1.2.2.2 – Situation à compter du 01/01/2022 : exceptions inhérentes à la dette et personnelles

Depuis l’entrée en vigueur de l’ordonnance du 15 septembre 2021, l’article 2298 du Code civil dispose que :

Texte légal

« La caution peut opposer au créancier toutes les exceptions, personnelles ou inhérentes à la dette, qui appartiennent au débiteur, sous réserve des dispositions du deuxième alinéa de l’article 2293. Toutefois, la caution ne peut se prévaloir des mesures légales ou judiciaires dont bénéficie le débiteur en conséquence de sa défaillance, sauf disposition spéciale contraire. »

Principe nouveau — La caution peut désormais invoquer toutes les exceptions du débiteur, qu’elles soient :

  • inhérentes à la dette (nullité, prescription, paiement, compensation, caducité…) ;
  • ou personnelles au débiteur (dol, incapacité, statut de consommateur…).

C’est un élargissement considérable par rapport à l’ancien droit.

Point de vigilance — Deux limites au principe nouveau

La caution ne peut pas se prévaloir de la protection spécifique accordée à un incapable (mineur ou majeur protégé), même si cette protection profite au débiteur principal.

Elle ne peut pas non plus invoquer les mesures légales ou judiciaires dont bénéficie le débiteur en conséquence de sa défaillance : délais de grâce, suspension des poursuites en procédure collective, mesures de sauvegarde ou de redressement — sauf disposition spéciale contraire. Voir l’étude Cautionnement : le cautionnement face à l’ouverture d’une procédure collective du débiteur principal pour le détail de ce second point.

1.3 – Les rapports entre les parties

Le cautionnement fait intervenir trois acteurs : le créancier, le débiteur principal, et la caution. De là découlent plusieurs rapports juridiques distincts.

1.3.1 – Rapport principal entre le créancier et le débiteur principal

Le cautionnement suppose toujours une obligation principale valable.

  • Si l’obligation principale est nulle, le cautionnement disparaît également (article 2293 du Code civil, ancien article 2289).
  • Toutefois, certaines obligations subsistent malgré la nullité du contrat, ce qui maintient le cautionnement pour ces dettes.
Exemples jurisprudentiels

Prêt annulé : le cautionnement subsiste tant que les sommes prêtées n’ont pas été remboursées.

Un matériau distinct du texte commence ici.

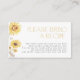Subtle and heartfelt, this enclosure card invites guests to contribute a cherished recipe in lieu of a traditional card—creating a thoughtful, lasting gift for the bride. The sunflower motif and gentle script styling carry through the joyful, natural tone of the event, while the coordinating reverse pattern adds a designer finish.
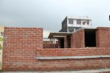 The flooring is Kota, the walls are in brick, and the 2 concrete slabs define the horizontals – the lower one acting as both the foundation and the floor.
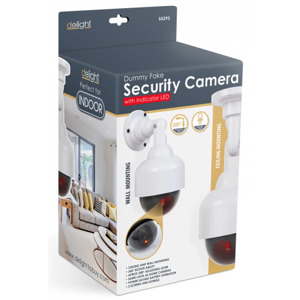 Când este pornit, LED-ul roșu intermitent oferă impresia perfectă a funcționării unui sistem video încorporat. Carcasa profesionala ofera camerei „dome” un aspect realist, oferind iluzia completa de securitate. Functionarea este asigurata de 2 baterii AA, care nu sunt incluse. Poate fi instalat cu ușurință folosind diblurile și șuruburile de montare incluse în pachet și nu necesită cablare. Nu poate fi conectat la un sistem video!
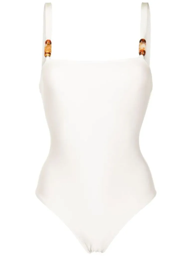 The classic Straps Swimsuit is a sophisticated look. Wear it with a cover up to hang out by the pool.

Contrat de franchise annulé : les dettes antérieures à l’annulation demeurent garanties.

Cour de cassation, chambre commerciale, 4 juin 1996, n° 93-18.612 ; chambre commerciale, 12 novembre 2008, n° 07-17.746.

Enfin, l’article 2292 du Code civil rappelle que :

Texte légal

« Le cautionnement peut garantir une ou plusieurs obligations, présentes ou futures, déterminées ou déterminables. »

1.3.2 – Rapport accessoire entre le créancier et la caution

Bien que lié à l’obligation principale, le cautionnement constitue un contrat autonome conclu entre le créancier et la caution.

  • Le débiteur principal est donc juridiquement tiers à ce contrat.
  • Le consentement de la caution est toujours volontaire (nul n’est obligé par la loi ou le juge à se porter caution).

Le législateur a jugé nécessaire de renforcer la protection de la caution personne physique lorsqu’elle s’engage au profit d’un créancier professionnel. De nombreuses obligations d’information et de formalisme en découlent, étudiées dans les autres volets de ce corpus, notamment la mention manuscrite et le devoir de mise en garde.

1.3.3 – Rapport entre la caution et le débiteur principal

Le rapport entre la caution et le débiteur principal ne prend effet qu’en cas de défaillance du débiteur. Le cautionnement est, dans la majorité des cas, conclu sans accord exprès du débiteur.

  • En effet, il n’y a pas de véritable rencontre des volontés entre le débiteur et la caution.
  • Juridiquement, il n’existe donc pas de contrat entre ces deux parties.

En pratique, la situation est souvent particulière : le débiteur et la caution se confondent fréquemment, le plus souvent lorsque le dirigeant d’une société se porte caution des dettes de sa propre entreprise.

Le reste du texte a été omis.